Other than uncovering this disturbing Lolita-like trend, it also creates a system, as discussed in A Right to Sex, where women who are “too old” to feature in this category, yet “too young” to star as ‘MILFs’, find it hard to book gigs. This means that categorisation is not only negatively affecting porn consumers, but also its actors.
The future of porn
But it’s not all doom and gloom, as ethical porn is edging its way into the mainstream. As well as the crucial space being carved out by the Post-Pxrn Festival, in the last decade, multiple initiatives have sprung up to ensure that porn is moving in a more ethical direction. For example, sites like Proof of Peach are advocates of block-chain porn which gives creators better control of their content.
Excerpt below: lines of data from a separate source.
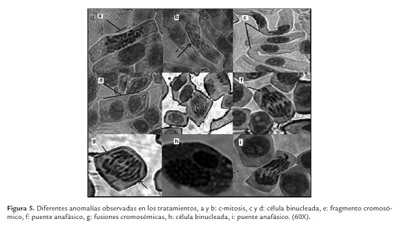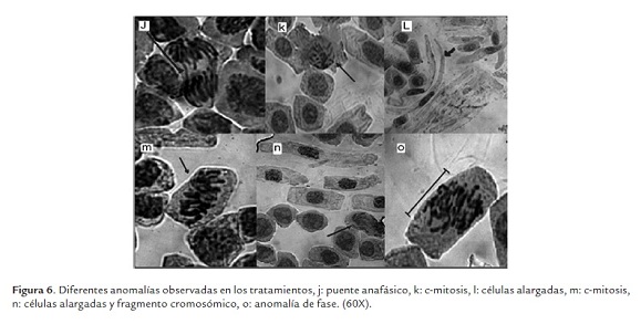 Se observó la presencia de anomalías en el ciclo celular producido por la toxicidad de los biocidas, observándose distintos tipos de aberraciones o anomalías cromosómicas dentro de las distintas etapas del ciclo celular. En la figura 5 y 6 se observan las anomalías más comunes encontradas, en el tratamiento V0.5 se observa un puente anafásico (i), en el tratamiento P0.5 una célula binucleada con un núcleo en interfase y otro en profase (h) y una c-mitosis (m), en el tratamiento V1 una c-mitosis (b) y un puente anafásico (j), en el tratamiento P1 una C-mitosis (a), células alargadas y un fragmento cromosómico aberrante (n) y una anomalía en la anafase por el huso mitótico desorganizado (o), en el tratamiento V2 una célula binucleada y una célula en telofase posiblemente binucleada (c) y varias fusiones cromosómicas que podrían ser múltiples puentes anafásicos (g), en el tratamiento P2 una célula binucleada (d) y una c-mitosis (k), en el tratamiento V4 un puente anafásico (f), en el tratamiento P4 un fragmento cromosómico aberrante candidato a formar micronúcleo (e), y en el tratamiento P8 células alargadas y presencia de fantasmas celulares (l). Para los tratamientos V8 y P8 muchas células estaban fragmentadas y eran de mayor tamaño, difícilmente se observo una anomalía. Según lo observado las anomalías más frecuentes eran la C-mitosis y anomalías en anafase, adicionalmente cambios en la forma celular.
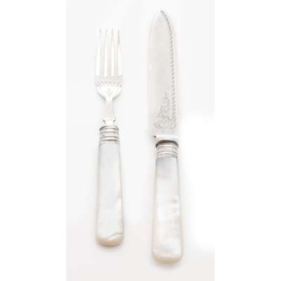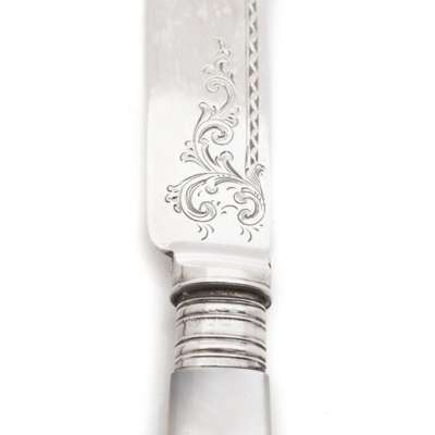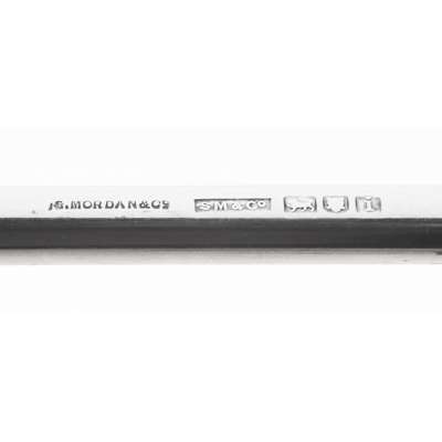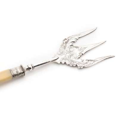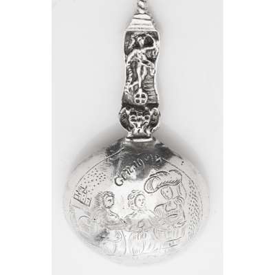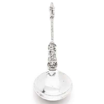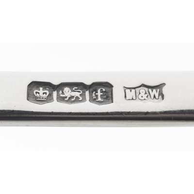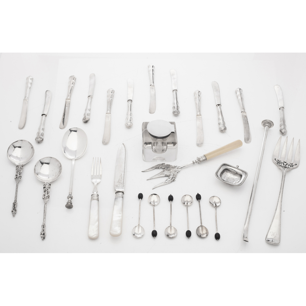 to include; two ornate unmarked Dutch spoons, a seal top spoon, Mappin & Webb, 1923, two serving forks, one three prong, one four; a tea strainer; an ink well; together with, a set of cased coffee bean tea spoons, Adie Brother Ltd, Birmingham 1923; a set of cased tea knives Walker & Hall, Sheffield 1906; a set of cased servers William Hutton & Sons Ltd, Sheffield 1906, a tea macerator, Sampson Mordan & Co, 1864 (11)
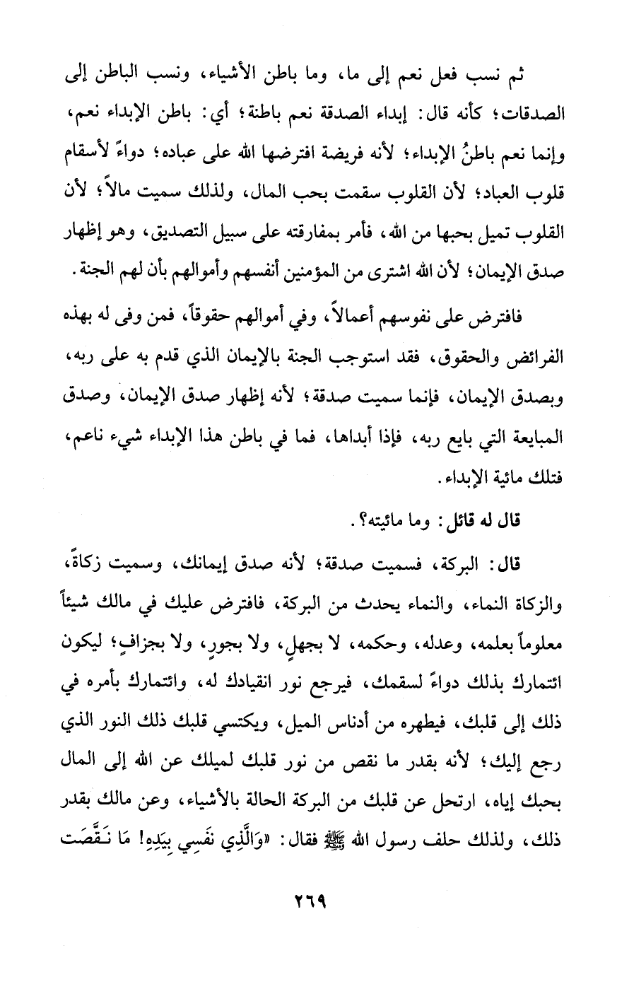 قال: البركة، فسميت صدقة؛ لأنه صدق إيمانك، وسميت زكاةً، والزكاة النماء، والنماء يحدث من البركة، فافترض عليك في مالك شيئاً معلوماً بعلمه، وعدله، وحكمه، لا بجهلٍ، ولا بجورٍ، ولا بجزافٍ؛ ليكون ائتمارك بذلك دواءً لسقمك، فيرجع نور انقيادك له، وائتمارك بأمره في ذلك إلى قلبك، فيطهره من أدناس الميل، ويكتسي قلبك ذلك النور الذي رجع إليك؛ لأنه بقدر ما نقص من نور قلبك لميلك عن الله إلى المال بحبك إياه، ارتحل عن قلبك من البركة الحالة بالأشياء، وعن مالك بقدر ذلك، ولذلك حلف رسول الله صلى الله عليه وسلم فقال: ((والذي نفسي بيده! ما نقصت

Feminist porn creators are also on the rise, with companies like Lust Cinema featuring on-set intimacy coaches and providing proper care for their performers. And overall, studies find that millennials are more likely than previous generations to pay for porn, with the hope being that this trickles down to benefit the performers.
So, with the global rise of attacks – from hate speech to policy changes – on both reproductive rights and the rights of trans and gender-nonconforming people, it’s clear that despite whether the world is ready for ethical porn or not, it desperately needs it.
What can you do?
- Read A Right to Sex by Amia Srinivasan
- Check out the Post Pxrn website, and start planning your trips to Poland for the 2023 iteration!
- Listen to Hot Money, which shows the shady underside of the mainstream porn industry
- Listen to this podcast episode between Owen Jones and Amia Srinivasan on The Right to Sex, Me Too, incels and pornography
- Explore ethical porn! From Dipsea to Make Love Not Porn, there are so many sites out there.